- Location in Washington County and the state of Vermont
- Coordinates: 44°24′20″N 72°18′44″W﻿ / ﻿44.40556°N 72.31222°W
- Country: United States
- State: Vermont
- County: Washington
- Town: Cabot

Area
- • Total: 1.1 sq mi (2.9 km^{2})
- • Land: 1.1 sq mi (2.9 km^{2})
- • Water: 0 sq mi (0.0 km^{2})
- Elevation: 1,073 ft (327 m)

Population (2020)
- • Total: 235
- • Density: 210/sq mi (81/km^{2})
- Time zone: UTC-5 (Eastern (EST))
- • Summer (DST): UTC-4 (EDT)
- ZIP code: 05647
- Area code: 802
- FIPS code: 50-11050
- GNIS feature ID: 2729388

= Cabot (CDP), Vermont =

Cabot is an unincorporated village and census-designated place (CDP) in the town of Cabot in Washington County, Vermont, United States. The population was 235 at the 2020 census. Cabot Village contains a general store, hardware store, gas station, post office, public school (Pre-K through 12), restaurant, a fraternal hall, and a church. Formerly an incorporated village, Cabot disincorporated at the end of 2010 and reverted to the town of Cabot.

==Geography==
According to the United States Census Bureau, the village has a total area of 1.1 square miles (2.9 km^{2}), all land.

==Demographics==
As of the census of 2000, there were 239 people, 91 households, and 65 families residing in the village. The population density was 212.2 people per square mile (81.7/km^{2}). There were 95 housing units at an average density of 84.4/sq mi (32.5/km^{2}). The racial makeup of the village was 92.47% White, 0.42% Black or African American, 0.84% from other races, and 6.28% from two or more races. Hispanic or Latino of any race were 0.42% of the population.

There were 91 households, out of which 40.7% had children under the age of 18 living with them, 52.7% were married couples living together, 16.5% had a female householder with no husband present, and 27.5% were non-families. 25.3% of all households were made up of individuals, and 5.5% had someone living alone who was 65 years of age or older. The average household size was 2.63 and the average family size was 3.05.

In the village, the population was spread out, with 32.2% under the age of 18, 6.7% from 18 to 24, 30.1% from 25 to 44, 20.5% from 45 to 64, and 10.5% who were 65 years of age or older. The median age was 35 years. For every 100 females, there were 94.3 males. For every 100 females age 18 and over, there were 90.6 males.

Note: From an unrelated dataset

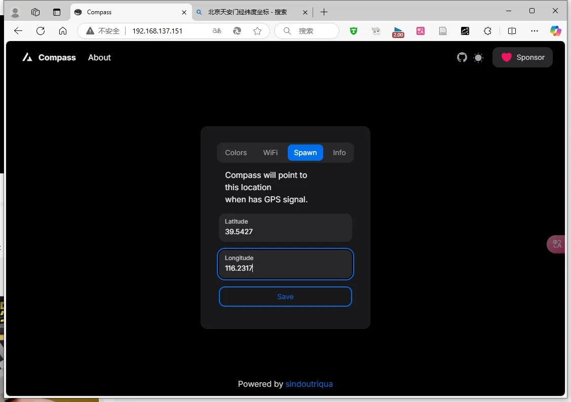 第一个输入框输入地点的纬度,第二个输入框输入地点的经度,点击Save保存
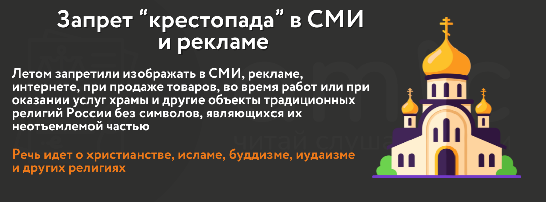 15 июля 2025 года депутаты Госдумы приняли закон, защищающий религиозные символы основных традиционных вероисповеданий. А именно в стране запретили изображать в СМИ, рекламе, интернете, при продаже товаров, во время работ или при оказании услуг храмы и другие объекты традиционных религий России (христианства, ислама, буддизма, иудаизма и других) без символов, являющихся их неотъемлемой частью.

The median income for a household in the village was $45,417, and the median income for a family was $54,583. Males had a median income of $35,625 versus $25,625 for females. The per capita income for the village was $18,411. About 1.6% of families and 4.9% of the population were below the poverty line, including 7.3% of those under the age of eighteen and none of those 65 or over.

==Industry==
Cabot is well known as the home of Cabot Creamery, a farmer's cooperative which makes dairy products, most notably its premium cheddar cheese.